1. Part of kin selection, or behaviors related to living with relatives who share
genetic material
2. Seen most in cercopithecoids and chimpanzees
2. Getting Food: Everybody Needs It, but the Burden is on Mom
a. Food resources and the search for them occupy over 50% of a primate’s waking hours.
b. Especially high are the nutritional needs of females with offspring.
c. Quality, distribution, and availability all affect a female’s success at foraging.
3. Acquiring Resources and Transmitting Knowledge: Got Culture?
a. Notion of nonhuman primate culture can be controversial.
b. Jane Goodall was the first to assert that chimpanzees possessed material culture.
c. Now, other researchers have also seen behaviors related to the use and alteration of objects as a
form of material culture.
4. Vocal Communication is Fundamental Behavior in Primates
a. All primates produce vocalizations serving different functions.
b. Researchers study primate vocalizations to understand how different sounds function.
i. Playback experiments are utilized to determine how primates respond to the
vocalizations of group members.
c. Vocalizations can range from very soft to very loud.
i. Information transmission over short (soft) and long (loud) distances
d. Vocalizations may indicate a primate’s emotional state as well as giving the listeners
information about the world around the caller.
e.
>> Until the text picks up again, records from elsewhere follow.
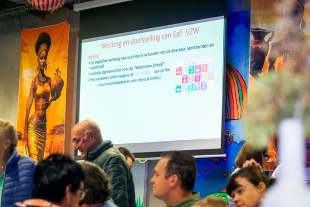 Daarnaast organiseren ze een SDG-bingo, wat zorgde voor een leuke afwisseling en een mooie extra opbrengst. Ook de verkoop van fairtradeproducten, die de organisatie grotendeels zelf meebrengen uit Afrika – van handgeweven manden tot kleurrijke sieraden – bracht extra middelen op voor het project. Een van de leden van vzw schildert bovendien prachtige taferelen van Gambia en portretten van kinderen van de Seidemann School. Deze unieke kunstwerken worden tijdens de avond verkocht en vallen erg in de smaak bij het publiek.
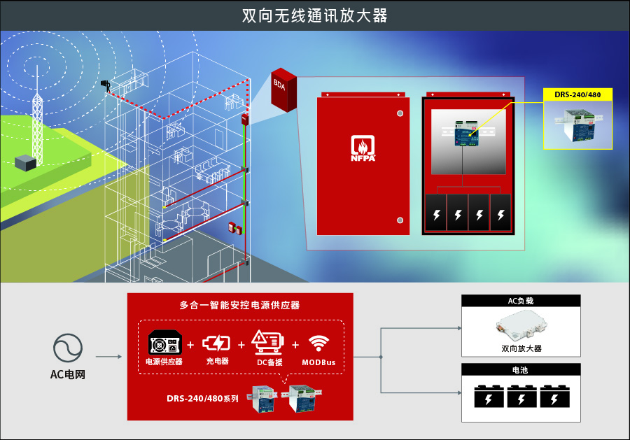 明緯自2000年投入導(dǎo)軌電源至今已擁有10~960W電源及相關(guān)配件模塊,產(chǎn)品線相當(dāng)完整并在導(dǎo)軌式標(biāo)準(zhǔn)電源市占已名列前茅。然而隨著城市化發(fā)展,小從一棟建筑,大到整座智慧城市,歐美中各國為了提高公共安全,分別制訂了安控消防系統(tǒng)安全規(guī)范(EN54-4/ UL2524/ GB17945),對此,明緯新推出了240W/480W多合一數(shù)字智能安控電源供應(yīng)器~DRS-240/ 480系列。
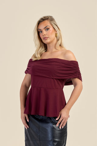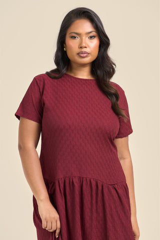 Curve Plum Textured Flutter Sleeve Ruched Front Midi Dress
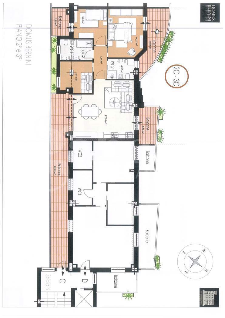 L'appartamento, situato al secondo piano, dispone di un ampio soggiorno con angolo cottura e accesso al balcone, una camera matrimoniale con balcone e due camerette, una delle quali con balcone privato, e due bagni finestrati.
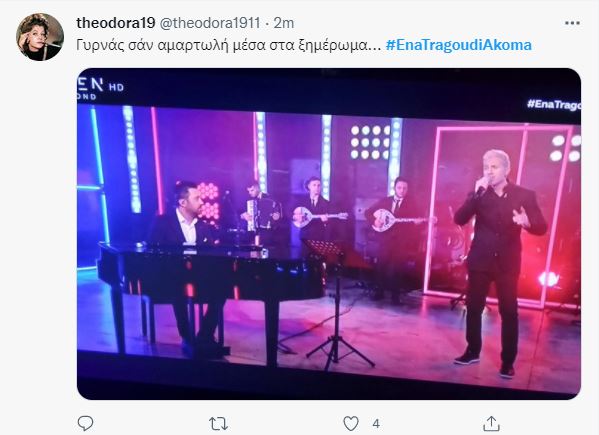 Ο Δημήτρης Κόκοτας εμφανίστηκε στο πλατό της εκπομπής του Γιώργου Θεοφάνους «Ένα τραγούδι ακόμα», το βράδυ της Παρασκευής και χάρισε στους τηλεθεατές μία μαγική βραδιά με πολλή μουσική και αγαπημένα τραγούδια, με τους χρήστες του Twitter να τον αποθεώνουν.
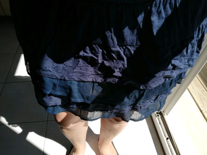 Jupe bleu marine à volant. Portée une fois. Taille élastiquée, peu se porter du 36 au 40. N'a plus son étiquette de marque. #femme36regaf5 #femme38regaf5 #femme38juperegaf5 #femme3840regaf5 #étéregaf5
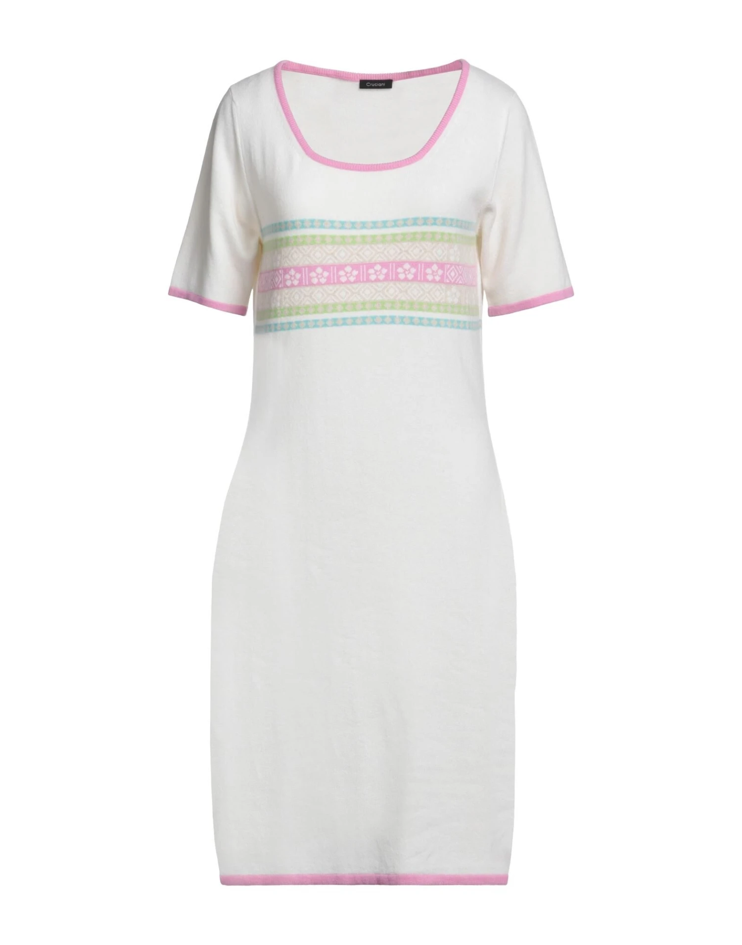 lavorato a maglia, senza applicazioni, fantasia multicolore, collo tondo, maniche corte, modello a tubino
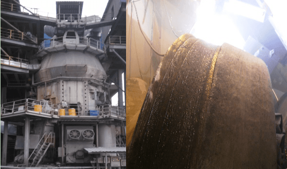 (四) 修复过程及检测:在保证有效的前处理情况下,必须进行堆焊过程控制,其实也是通过工艺参数的细化,来控制热输入/线能量来达到理想的状态。参数控制包括:焊接电流,电压,堆焊线速度,层间温度等。目测主要是观察电弧的稳定性,飞溅的大小,焊缝成型,裂纹形式等;过程控制包括相对应的样板测试,尺寸随检等。随后,在使用过程中,为了更有效的提高使用寿命,同时提请注意入料粒度,料层厚度等,这样在保证粉磨质量的同时提高产量。
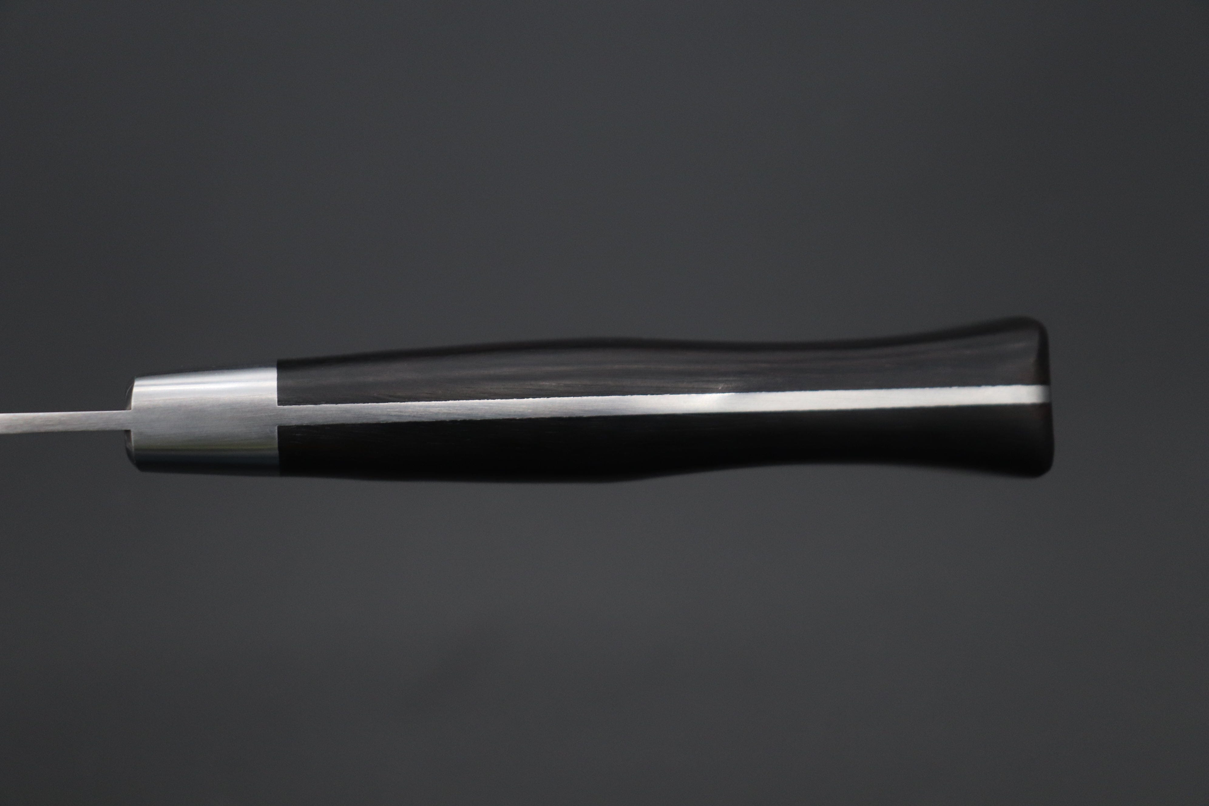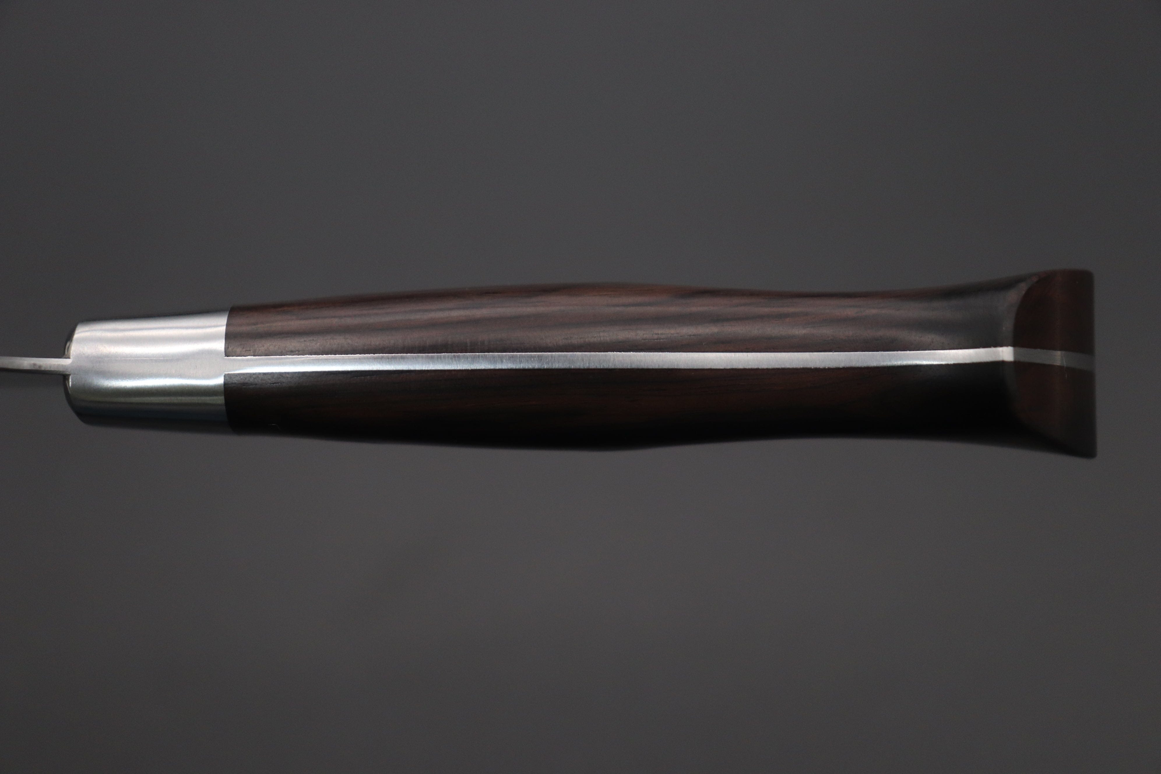 For the handle material, Master Hattori chose the African Black wood which has an elegant look of dark & simple textures. Hattori's fine custom hand working process can be seen on its well hand contoured and perfect shaped handle.
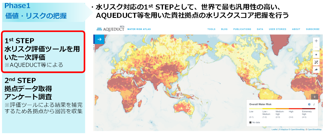 Phase1では、世界中の事業拠点を対象とした世界で最も汎用性の高いAQUEDUCTによる水リスクの一次評価や、結果を補完するために対象拠点のアンケート調査を実施し、拠点ごとのデータを取得・整備した上で、価値やリスクの概要を把握します。
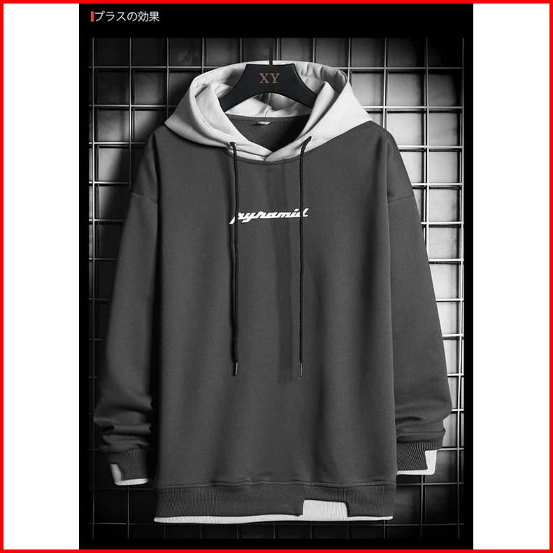 Vallina - Pyramid Combined Hoodie Pull Over Pria Premium Outerwear Remaja Basic Korean Style
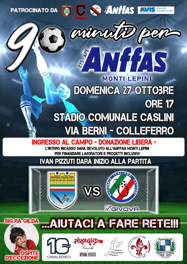 COLLEFERRO – Ancora un bellissimo appuntamento con la solidarietà e lo sport: questa volta l’invito a partecipare numerosi e sostenere “Anffas Monti Lepini” è per il prossimo 27 Ottobre alle ore 17 presso lo stadio Caslini di Via Berni a Colleferro per dare tutti insieme il via alla partita di calcio “90 minuti per Anffas Monti Lepini” organizzata in collaborazione e con il patrocinio del comune di Colleferro, l’Avis di Colleferro, il Colleferro calcio, la ProLoco e l’Anffas Monti Lepini che si occupa come associazione nazionale di tutte quelle famiglie con persone affette da disabilità intellettiva e del neurosviluppo.

Primatologists have learned that vocalizations have clear patterns, similar to human language.
i. Primate vocalizations are largely preprogrammed.
ii. Some innovations in sounds can occur.
f. Vocalizations also serve to name resources and monitor political landscapes within a group.
g. Language studies have demonstrated that great apes lack the capability to produce human
speech, but possess rudimentary cognitive abilities necessary to understand human speech.